We divide up any vector we choose, e.g. that from O to x, y, z, t, into the four components x, y, z, t.
If the directions of two vectors are, respectively,
that of a radius vector OR from O to one of the surfaces (+/-) F = 1,
and that of a tangent RS at the point R of the same surface,
the vectors are said to be normal to one another.

In the context of my diagram,
the "F=1"-surface is my future-"circle" centered at O,
"OR" is the future-unit-timelike vector of the observer, where R is on that circle.
Then the tangent "RS" is normal to "OR" (along the observer's time axis).
Thus, the observer's space axis at event O will be defined as the parallel to this tangent-"RS"-to-the-circle drawn through the origin O.

 

[Orodruin]

In that diagram, it is noted that my t-axis is horizontal...

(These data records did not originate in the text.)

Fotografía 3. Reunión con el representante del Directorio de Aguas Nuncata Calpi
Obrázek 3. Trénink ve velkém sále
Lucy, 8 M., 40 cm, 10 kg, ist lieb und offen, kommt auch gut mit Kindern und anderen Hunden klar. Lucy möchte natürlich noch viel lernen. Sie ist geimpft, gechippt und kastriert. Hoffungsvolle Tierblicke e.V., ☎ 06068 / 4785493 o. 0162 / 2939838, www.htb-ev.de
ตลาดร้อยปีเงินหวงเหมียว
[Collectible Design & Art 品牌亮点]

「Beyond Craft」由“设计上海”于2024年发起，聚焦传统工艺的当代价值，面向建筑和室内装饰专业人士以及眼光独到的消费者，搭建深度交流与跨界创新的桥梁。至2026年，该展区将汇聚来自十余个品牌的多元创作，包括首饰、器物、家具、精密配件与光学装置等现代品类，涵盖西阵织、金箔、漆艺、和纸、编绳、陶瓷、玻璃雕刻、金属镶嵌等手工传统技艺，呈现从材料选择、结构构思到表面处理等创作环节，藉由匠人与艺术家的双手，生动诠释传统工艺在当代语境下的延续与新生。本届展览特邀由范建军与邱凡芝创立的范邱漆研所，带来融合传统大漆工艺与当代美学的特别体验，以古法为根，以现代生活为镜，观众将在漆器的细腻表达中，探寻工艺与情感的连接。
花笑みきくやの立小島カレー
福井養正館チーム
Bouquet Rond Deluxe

Ok, so your spatial axis is the dashed line. Yes, this line is tangent to the hyperbola, but it is not the spatial axis used in the standard Lorentz transformation - that spatial axis is a normal line to the other hyperbola (the hyperbola that has space-like separated from the origin). I think it is less confusing to talk about the axes which the standard configuration of the Lorentz transform relate - just as it is easier to talk about just rotations in Euclidean space instead of rotations+translation to the circle.

 

[robphy]

Ok, so your spatial axis is the dashed line. Yes, this line is tangent to the hyperbola, but it is not the spatial axis used in the standard Lorentz transformation - that spatial axis is a normal line to the other hyperbola (the hyperbola that has space-like separated from the origin). I think it is less confusing to talk about the axes which the standard configuration of the Lorentz transform relate - just as it is easier to talk about just rotations in Euclidean space instead of rotations+translation to the circle.

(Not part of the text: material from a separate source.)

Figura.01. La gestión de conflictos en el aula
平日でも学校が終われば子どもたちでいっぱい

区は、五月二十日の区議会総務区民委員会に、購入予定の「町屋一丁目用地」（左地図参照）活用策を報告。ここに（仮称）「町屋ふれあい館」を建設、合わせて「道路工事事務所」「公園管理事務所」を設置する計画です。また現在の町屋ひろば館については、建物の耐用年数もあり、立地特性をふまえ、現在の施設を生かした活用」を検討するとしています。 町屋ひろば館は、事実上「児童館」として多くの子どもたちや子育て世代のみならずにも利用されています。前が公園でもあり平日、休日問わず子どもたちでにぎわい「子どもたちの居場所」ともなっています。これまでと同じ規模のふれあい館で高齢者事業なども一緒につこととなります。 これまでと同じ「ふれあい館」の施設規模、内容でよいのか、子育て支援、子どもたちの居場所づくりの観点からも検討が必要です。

Yes, the dashed line is that observer's spatial axis.

At a glance, it might be confusing. But I thought I was explicit about my construction and my conventions.

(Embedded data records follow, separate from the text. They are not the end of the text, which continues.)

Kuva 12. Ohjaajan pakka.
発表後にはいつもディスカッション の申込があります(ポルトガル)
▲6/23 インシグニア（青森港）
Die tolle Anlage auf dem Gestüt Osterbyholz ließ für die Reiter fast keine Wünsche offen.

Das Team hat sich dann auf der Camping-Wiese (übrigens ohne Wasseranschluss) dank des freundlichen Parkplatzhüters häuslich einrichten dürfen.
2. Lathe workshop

Pedagogically, I think my presentation is better because

• my "circle" (the hyperbola that is timelike separated from the origin) arises from an operational construction: an experiment starting at event O, where observers traveling with various velocities marked when (say) 1 second has elapsed on their watch since event O.
  
• Once this circle is determined, orthogonality (being "normal" or "perpendicular") to a radius vector (along an inertial observer's worldline) in this geometry is then defined by tangency to this circle.
  (Then the parallel to this tangent can be used to construct the spatial-axis through event O.)
  
• This construction works in the Minkowski and Galilean spacetime geometries and in Euclidean space (using odometers in the plane, with surveyors traveling in different spatial directions).
  
• In the desmos visualization ( https://www.desmos.com/calculator/ti58l2sair ), you can see this by tuning the signature of the metric by tuning the y-coefficient of the "circle". [Here, I didn't want x along the vertical.] I use the parametrization $t^2-Ey^2=1$, where $E=1,0,-1$ is Minkowski, Galilean, and Euclidean, respectively.
  
  Furthermore, by tuning the two velocities, you can see how the observers generally disagree on these tangent lines (that is, what each declares the "line of constant t=1" is, demonstrating the relativity of simultaneity for the Minkowski case and the absoluteness in the Galilean case).
• [I kept the t-axis horizontal so that we obtain the usual PHY 101 position-vs-time graph in the Galilean case (although most are unaware of this nonEuclidean geometry underlying the usual position-vs-time graph).]

From this viewpoint, the "hyperbola that is timelike separated from the origin" is physically more fundamental (i.e. more primitive)
than the "hyperbola that is spacelike separated from the origin" (which can then be derived later, if needed).